TASK DESCRIPTION
Look for the line that has "Fendi Indigo Blue" in the material below; please repeat it and every line after it, exactly, up to and including the line that has "Acest xilofon compact", and nothing else.
DATA TO USE START
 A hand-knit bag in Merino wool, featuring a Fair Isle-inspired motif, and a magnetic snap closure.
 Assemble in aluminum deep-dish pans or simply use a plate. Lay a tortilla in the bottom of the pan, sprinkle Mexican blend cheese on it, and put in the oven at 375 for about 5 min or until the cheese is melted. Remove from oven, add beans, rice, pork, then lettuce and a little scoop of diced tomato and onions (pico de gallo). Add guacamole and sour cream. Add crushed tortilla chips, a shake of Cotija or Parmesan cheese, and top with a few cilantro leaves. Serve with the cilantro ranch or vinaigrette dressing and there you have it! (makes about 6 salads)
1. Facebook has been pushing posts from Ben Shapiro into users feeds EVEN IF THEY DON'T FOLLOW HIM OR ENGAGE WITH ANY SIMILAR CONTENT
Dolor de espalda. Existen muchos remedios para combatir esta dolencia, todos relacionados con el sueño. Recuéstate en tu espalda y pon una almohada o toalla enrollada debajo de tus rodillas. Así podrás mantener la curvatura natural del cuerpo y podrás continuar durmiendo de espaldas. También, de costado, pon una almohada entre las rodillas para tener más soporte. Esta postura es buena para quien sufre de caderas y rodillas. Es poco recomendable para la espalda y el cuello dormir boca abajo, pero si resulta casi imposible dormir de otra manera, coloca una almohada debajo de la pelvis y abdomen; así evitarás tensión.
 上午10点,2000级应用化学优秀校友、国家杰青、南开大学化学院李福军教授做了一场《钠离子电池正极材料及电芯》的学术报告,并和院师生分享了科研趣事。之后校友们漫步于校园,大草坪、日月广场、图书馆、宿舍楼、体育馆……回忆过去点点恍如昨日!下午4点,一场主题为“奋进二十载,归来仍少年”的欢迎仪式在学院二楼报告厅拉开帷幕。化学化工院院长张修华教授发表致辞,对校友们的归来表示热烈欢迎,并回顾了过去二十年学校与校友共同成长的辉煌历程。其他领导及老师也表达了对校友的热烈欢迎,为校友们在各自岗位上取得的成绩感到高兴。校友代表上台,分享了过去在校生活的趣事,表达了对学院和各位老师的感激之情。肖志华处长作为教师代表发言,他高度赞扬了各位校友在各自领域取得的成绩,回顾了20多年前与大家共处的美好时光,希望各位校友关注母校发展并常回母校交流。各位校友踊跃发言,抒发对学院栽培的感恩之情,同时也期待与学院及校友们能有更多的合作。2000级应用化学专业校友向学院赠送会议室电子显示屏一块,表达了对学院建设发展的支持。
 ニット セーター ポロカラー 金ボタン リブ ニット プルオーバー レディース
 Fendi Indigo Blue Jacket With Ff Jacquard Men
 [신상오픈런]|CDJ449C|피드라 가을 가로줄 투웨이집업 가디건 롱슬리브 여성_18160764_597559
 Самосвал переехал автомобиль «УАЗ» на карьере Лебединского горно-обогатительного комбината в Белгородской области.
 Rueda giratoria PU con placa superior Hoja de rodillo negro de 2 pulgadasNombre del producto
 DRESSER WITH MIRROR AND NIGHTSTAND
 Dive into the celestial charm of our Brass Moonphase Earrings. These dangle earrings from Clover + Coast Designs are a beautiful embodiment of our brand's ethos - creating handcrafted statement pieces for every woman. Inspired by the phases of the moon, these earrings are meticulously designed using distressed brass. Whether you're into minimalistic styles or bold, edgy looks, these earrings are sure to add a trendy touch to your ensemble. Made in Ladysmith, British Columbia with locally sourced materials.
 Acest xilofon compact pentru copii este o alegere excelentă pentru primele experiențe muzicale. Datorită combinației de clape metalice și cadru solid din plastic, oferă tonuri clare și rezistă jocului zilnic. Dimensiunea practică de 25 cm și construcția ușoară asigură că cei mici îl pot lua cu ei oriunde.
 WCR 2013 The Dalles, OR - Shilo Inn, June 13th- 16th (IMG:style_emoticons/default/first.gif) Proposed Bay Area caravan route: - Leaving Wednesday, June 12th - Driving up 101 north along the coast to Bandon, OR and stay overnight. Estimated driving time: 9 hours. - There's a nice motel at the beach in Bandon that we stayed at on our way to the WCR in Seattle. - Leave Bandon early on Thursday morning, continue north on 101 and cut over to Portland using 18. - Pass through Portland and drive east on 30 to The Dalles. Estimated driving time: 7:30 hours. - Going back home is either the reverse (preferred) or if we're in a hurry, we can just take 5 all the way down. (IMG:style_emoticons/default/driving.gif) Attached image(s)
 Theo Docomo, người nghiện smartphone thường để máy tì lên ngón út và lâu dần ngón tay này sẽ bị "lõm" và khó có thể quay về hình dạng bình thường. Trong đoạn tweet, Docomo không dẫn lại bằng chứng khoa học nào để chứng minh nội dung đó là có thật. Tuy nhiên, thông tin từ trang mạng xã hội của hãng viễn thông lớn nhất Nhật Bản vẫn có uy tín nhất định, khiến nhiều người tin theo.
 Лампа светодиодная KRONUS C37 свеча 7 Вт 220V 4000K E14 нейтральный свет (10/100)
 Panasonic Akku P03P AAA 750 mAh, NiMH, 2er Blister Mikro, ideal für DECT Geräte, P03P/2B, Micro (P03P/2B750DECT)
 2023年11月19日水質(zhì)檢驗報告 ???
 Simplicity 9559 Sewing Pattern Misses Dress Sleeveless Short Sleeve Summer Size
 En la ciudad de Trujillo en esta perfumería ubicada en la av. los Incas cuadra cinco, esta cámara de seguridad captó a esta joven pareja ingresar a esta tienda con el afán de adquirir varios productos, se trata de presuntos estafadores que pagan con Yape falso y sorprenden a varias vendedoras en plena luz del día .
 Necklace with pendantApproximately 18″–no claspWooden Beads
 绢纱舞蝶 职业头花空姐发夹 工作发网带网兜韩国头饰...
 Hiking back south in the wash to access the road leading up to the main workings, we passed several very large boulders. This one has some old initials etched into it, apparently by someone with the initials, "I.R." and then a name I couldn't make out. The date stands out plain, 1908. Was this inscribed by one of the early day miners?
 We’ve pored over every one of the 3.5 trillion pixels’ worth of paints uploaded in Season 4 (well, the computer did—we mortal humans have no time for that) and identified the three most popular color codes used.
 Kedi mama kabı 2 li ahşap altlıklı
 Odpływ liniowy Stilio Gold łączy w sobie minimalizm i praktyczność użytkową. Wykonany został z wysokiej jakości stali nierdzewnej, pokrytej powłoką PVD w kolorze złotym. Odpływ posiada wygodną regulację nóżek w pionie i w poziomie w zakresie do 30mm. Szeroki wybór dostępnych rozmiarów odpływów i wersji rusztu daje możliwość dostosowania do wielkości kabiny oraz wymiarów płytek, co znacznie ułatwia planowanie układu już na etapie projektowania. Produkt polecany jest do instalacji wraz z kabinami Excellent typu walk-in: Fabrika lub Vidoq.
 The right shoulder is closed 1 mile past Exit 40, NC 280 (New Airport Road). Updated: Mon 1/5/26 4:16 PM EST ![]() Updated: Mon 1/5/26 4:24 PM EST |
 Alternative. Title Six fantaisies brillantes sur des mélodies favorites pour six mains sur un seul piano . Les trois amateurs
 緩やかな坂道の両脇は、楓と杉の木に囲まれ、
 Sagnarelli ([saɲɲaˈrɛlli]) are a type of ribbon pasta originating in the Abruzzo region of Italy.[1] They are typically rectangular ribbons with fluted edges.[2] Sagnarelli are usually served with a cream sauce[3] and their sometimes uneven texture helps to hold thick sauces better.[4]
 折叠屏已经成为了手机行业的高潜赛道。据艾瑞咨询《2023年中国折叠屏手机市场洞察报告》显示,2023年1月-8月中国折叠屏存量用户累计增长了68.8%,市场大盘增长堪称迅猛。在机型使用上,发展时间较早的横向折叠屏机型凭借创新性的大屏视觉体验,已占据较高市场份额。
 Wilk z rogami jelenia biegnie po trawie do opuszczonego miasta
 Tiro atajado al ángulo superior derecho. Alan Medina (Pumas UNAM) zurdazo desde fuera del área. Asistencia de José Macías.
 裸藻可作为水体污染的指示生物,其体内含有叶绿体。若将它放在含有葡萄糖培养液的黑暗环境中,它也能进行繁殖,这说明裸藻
DATA TO USE END
FINISHED TASK
 Fendi Indigo Blue Jacket With Ff Jacquard Men
 [신상오픈런]|CDJ449C|피드라 가을 가로줄 투웨이집업 가디건 롱슬리브 여성_18160764_597559
 Самосвал переехал автомобиль «УАЗ» на карьере Лебединского горно-обогатительного комбината в Белгородской области.
 Rueda giratoria PU con placa superior Hoja de rodillo negro de 2 pulgadasNombre del producto
 DRESSER WITH MIRROR AND NIGHTSTAND
 Dive into the celestial charm of our Brass Moonphase Earrings. These dangle earrings from Clover + Coast Designs are a beautiful embodiment of our brand's ethos - creating handcrafted statement pieces for every woman. Inspired by the phases of the moon, these earrings are meticulously designed using distressed brass. Whether you're into minimalistic styles or bold, edgy looks, these earrings are sure to add a trendy touch to your ensemble. Made in Ladysmith, British Columbia with locally sourced materials.
 Acest xilofon compact pentru copii este o alegere excelentă pentru primele experiențe muzicale. Datorită combinației de clape metalice și cadru solid din plastic, oferă tonuri clare și rezistă jocului zilnic. Dimensiunea practică de 25 cm și construcția ușoară asigură că cei mici îl pot lua cu ei oriunde.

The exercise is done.